Telephone number frames for households and persons: ao usar linhas fixas, falhamos em cobrir cerca de 20% das unidades residenciais dos Estados Unidos. Além disso, um percentual menor possui mais de uma linha fixa e acabam sendo duplicados. Além disso, com o uso de celulares, essa abordagem torna-se mais complicada – mesmo porque números de telefone celular são associados a uma pessoa, e não a um endereço.
Frames for Web Surveys of General Populations: “The e-mail frame, however, fails to cover large portions of the household population. It has duplication problems because one person can have many different e-mail addresses, and it has clustering problems because more than one person can share an e-mail address.” (p. 83).

“In short, without a universal frame of e-mail addresses with known links to individual population elements, some survey practices have begun to ignore the frame development step. Without a well-defined sampling frame, the coverage error of resulting estimates is completely unknowable.” (p. 84).

4.1.1.1.7 Coverage error

Undercoverage is a difficult problem, and may be an important source of coverage error in surveys. It is important to note, though, that coverage error is a property of sample statistics and estimates made from surveys.

No caso de uma estimativa de média, o viés de cobertura é dado por:

\[ \bar{Y}_C - \bar{Y} = \dfrac{U}{N} (\bar{Y}_C - \bar{Y}_U), \]

one \(\bar{Y}\) é a média da população total, \(\bar{Y}_C\) é a média da população coberta e \(\bar{Y}_U\) é a média da população não coberta. \(U\) é o número de unidades não cobertas e \(N\) é o número total de unidades. “Thus, the error due to not covering the \(N-C\) units left out of the frame is a function of the proportion ‘not covered’ and the difference between means for the covered and the not covered.” (p. 88).

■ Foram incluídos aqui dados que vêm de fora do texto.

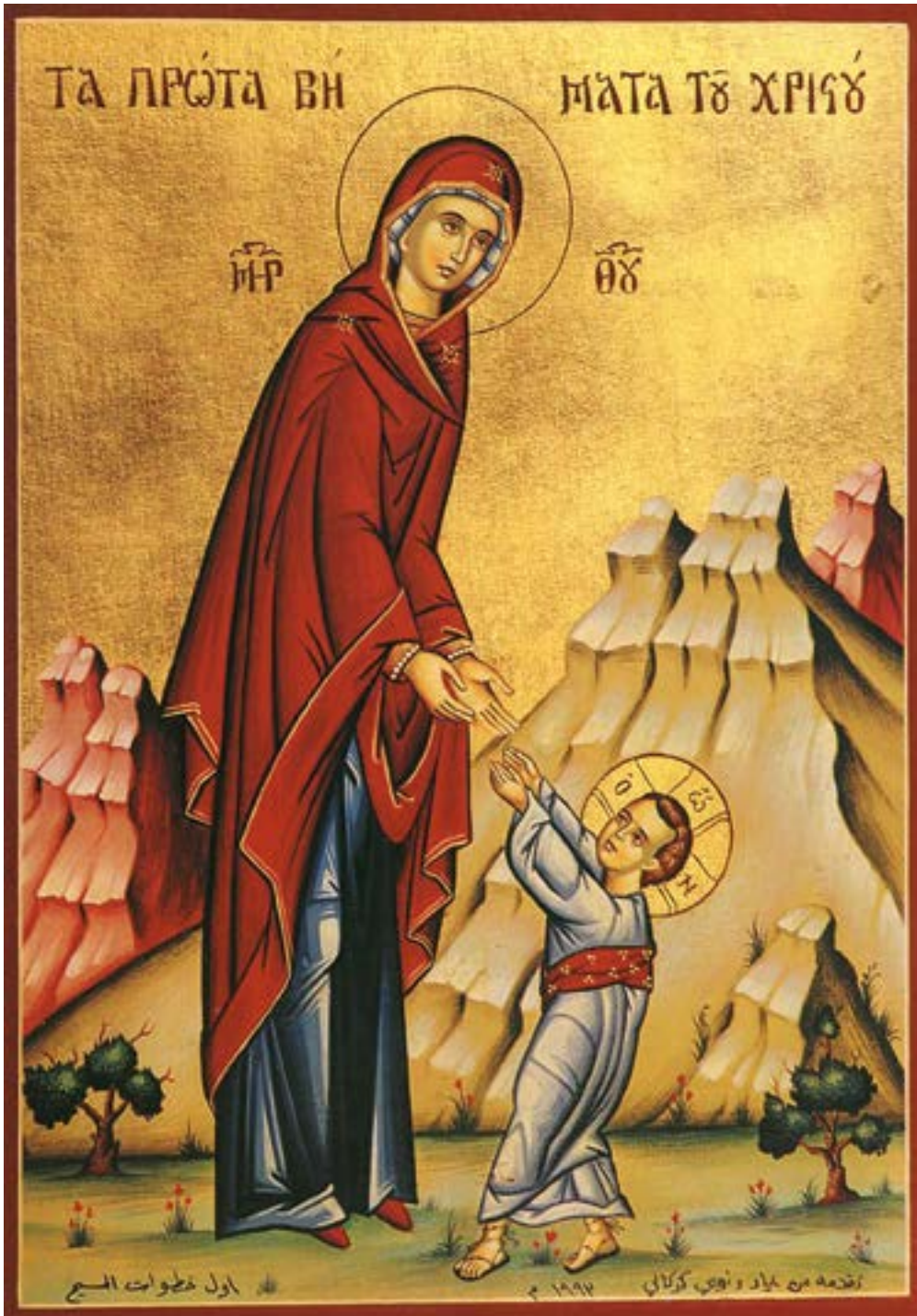
Икона Божией Матери «Первые шаги Иисуса Христа». Иерусалим. Израиль.

о своей семье и родных (1 Тим. 5:8,16). Апостолы и предстоятели несут заботу о церквях (2 Кор. 11:28; Флп. 2:20; 1 Тим. 3:5), а церкви, в свою очередь, заботятся о мужах, служащих им (Флп. 4:10). Но всегда существует опасность впасть в чрезмерную, по сути своей, эгоистическую заботу о ближних (1 Кор. 7:32–34); за такими заботами человек перестает внимать Богу и не ищет Его воли (Лк. 10:41 и след.). (Библейская энциклопедия Брокгауза. Ф. Ринкер, Г. Майер. 1994 г.).

4.1.1.1.8 Reduzindo o erro de cobertura

The Half-Open Interval: “Consider, for example, address or housing unit lists used in household surveys. These lists may become out of date and miss units quickly. They may also have missed housing units that upon closer inspection could be added to the list. Since address lists are typically in a particular geographic order, it is possible to add units to the frame only for selected frame elements, rather than updating the entire list.” (p. 88).
Multiplicy sampling: “Some frame supplementation methods add elements to a population through network sampling.” (p. 90).
Multiple frame designs: “For example, an out-of-date set of listings of housing units can be supplemented by a frame of newly constructed housing units obtained from planning departments in governmental units responsible for zoning where sample addressses are located” (p. 91).

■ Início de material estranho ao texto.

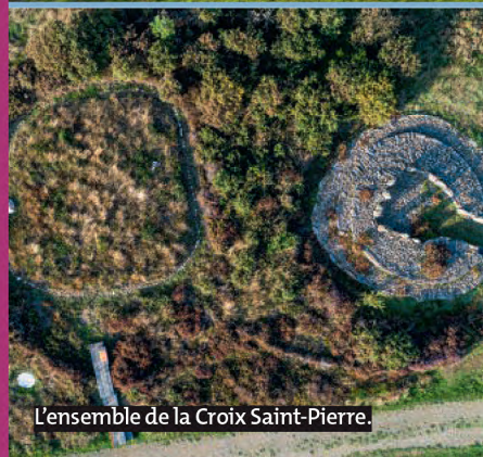
L'ensemble de la Croix Saint-Pierre.
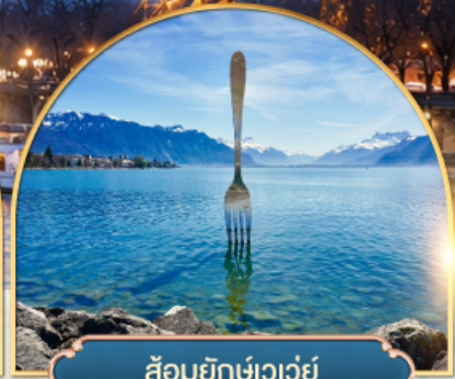
ล้อมยักซ์เวอว์
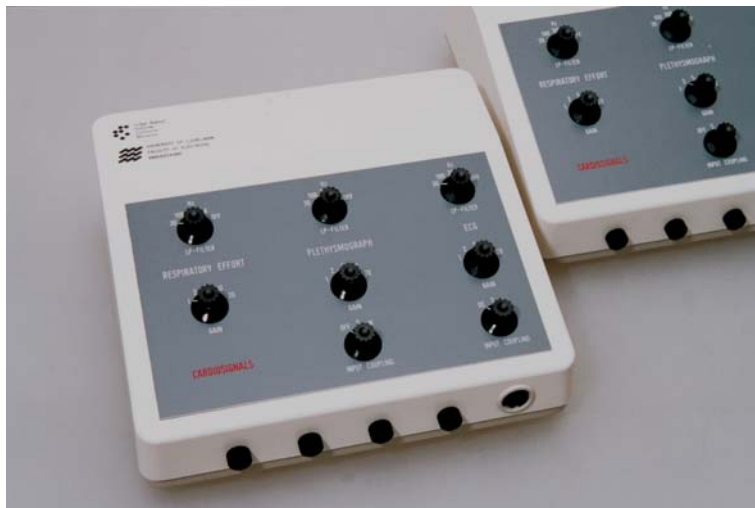
Slika 2: Pretvorniški sistem za pripravo fizioloških signalov

Med tovrstne projekte spadajo predvsem razvoj večjega števila sistemov za

“At times, the supplemental frame may cover a completely separate portion of the population. In most cases, though, supplemental frames overlap with the principal frame. In such cases, multiple framing sampling and estimation procedures are employed to correct for unequal probabilities of selection and possibly to yield improved precision for survey estimates.” (p. 91).

“There are several solutions to the overlap and overrepresentation problem. One is to screen the area household frame. At the doorstep, before an interview is conducted, the interviewer determines whether the household has a fixed-line telephone that would allow it to be reached by telephone. If so, the unit is not selected and no interview is attempted. With this procedure, the overlap is eliminated, and the dual frame sample design has complete coverage of households.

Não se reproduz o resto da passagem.